# Work instruction:
Could you restate word for word only the lines below from the one holding "根据中共河南省委高校工委、河" to the one holding "黄金昨日行情回顾:(每日文章", inclusive, and leave out the pictures?

*** Data records Section Begins ***

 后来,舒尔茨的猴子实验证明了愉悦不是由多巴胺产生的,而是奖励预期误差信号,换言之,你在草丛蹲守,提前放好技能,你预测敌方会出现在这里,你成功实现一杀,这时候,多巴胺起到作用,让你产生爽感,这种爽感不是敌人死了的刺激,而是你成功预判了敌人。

*** Data records Section Ends ***
*** Data records Section Begins ***

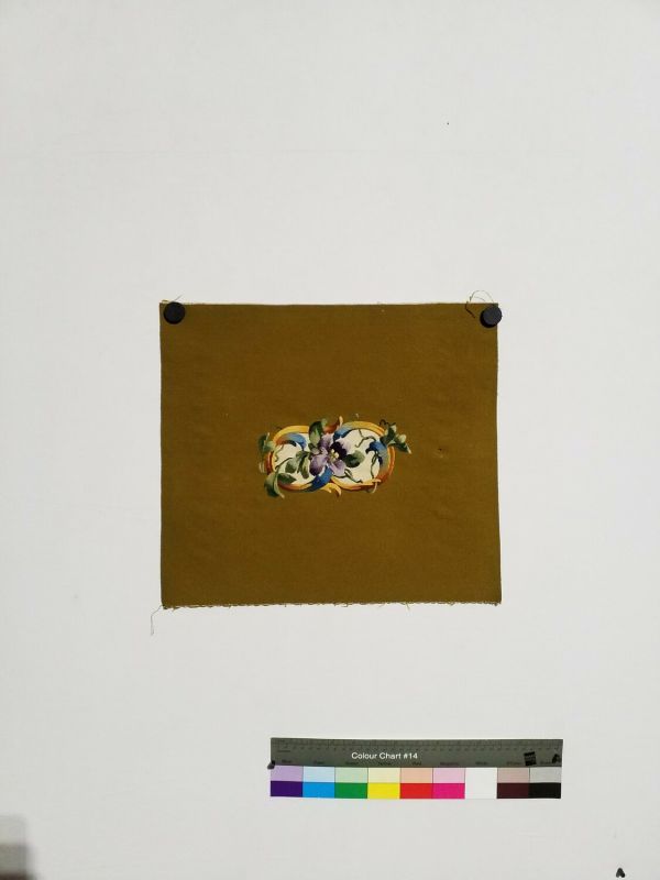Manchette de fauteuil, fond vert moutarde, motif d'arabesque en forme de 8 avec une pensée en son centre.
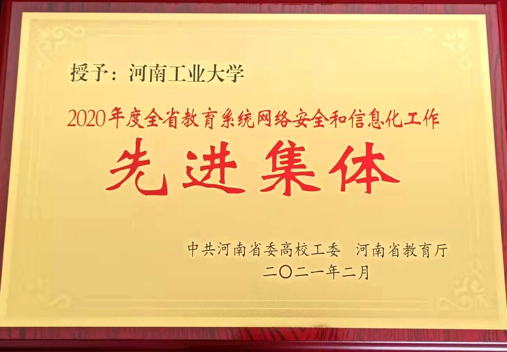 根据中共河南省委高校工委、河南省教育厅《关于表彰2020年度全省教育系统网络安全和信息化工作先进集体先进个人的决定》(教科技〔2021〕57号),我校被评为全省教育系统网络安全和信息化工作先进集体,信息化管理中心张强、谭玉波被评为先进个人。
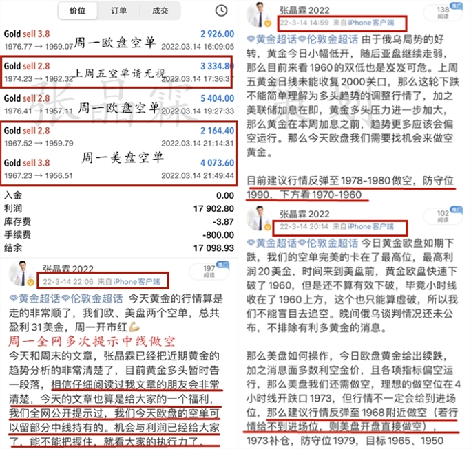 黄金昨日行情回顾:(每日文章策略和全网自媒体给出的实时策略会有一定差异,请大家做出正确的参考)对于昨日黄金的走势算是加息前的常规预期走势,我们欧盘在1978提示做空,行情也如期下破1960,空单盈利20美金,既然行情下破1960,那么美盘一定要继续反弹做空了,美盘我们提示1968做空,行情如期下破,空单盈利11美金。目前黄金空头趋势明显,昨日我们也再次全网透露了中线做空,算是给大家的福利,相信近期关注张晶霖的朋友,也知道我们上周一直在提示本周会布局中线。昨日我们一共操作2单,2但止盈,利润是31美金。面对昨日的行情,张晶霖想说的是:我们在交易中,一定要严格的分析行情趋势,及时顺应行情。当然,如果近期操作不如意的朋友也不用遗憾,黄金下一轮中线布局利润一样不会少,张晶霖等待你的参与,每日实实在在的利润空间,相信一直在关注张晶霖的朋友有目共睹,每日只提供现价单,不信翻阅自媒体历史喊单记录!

*** Data records Section Ends ***

# Answer to the exercise:
 根据中共河南省委高校工委、河南省教育厅《关于表彰2020年度全省教育系统网络安全和信息化工作先进集体先进个人的决定》(教科技〔2021〕57号),我校被评为全省教育系统网络安全和信息化工作先进集体,信息化管理中心张强、谭玉波被评为先进个人。
 黄金昨日行情回顾:(每日文章策略和全网自媒体给出的实时策略会有一定差异,请大家做出正确的参考)对于昨日黄金的走势算是加息前的常规预期走势,我们欧盘在1978提示做空,行情也如期下破1960,空单盈利20美金,既然行情下破1960,那么美盘一定要继续反弹做空了,美盘我们提示1968做空,行情如期下破,空单盈利11美金。目前黄金空头趋势明显,昨日我们也再次全网透露了中线做空,算是给大家的福利,相信近期关注张晶霖的朋友,也知道我们上周一直在提示本周会布局中线。昨日我们一共操作2单,2但止盈,利润是31美金。面对昨日的行情,张晶霖想说的是:我们在交易中,一定要严格的分析行情趋势,及时顺应行情。当然,如果近期操作不如意的朋友也不用遗憾,黄金下一轮中线布局利润一样不会少,张晶霖等待你的参与,每日实实在在的利润空间,相信一直在关注张晶霖的朋友有目共睹,每日只提供现价单,不信翻阅自媒体历史喊单记录!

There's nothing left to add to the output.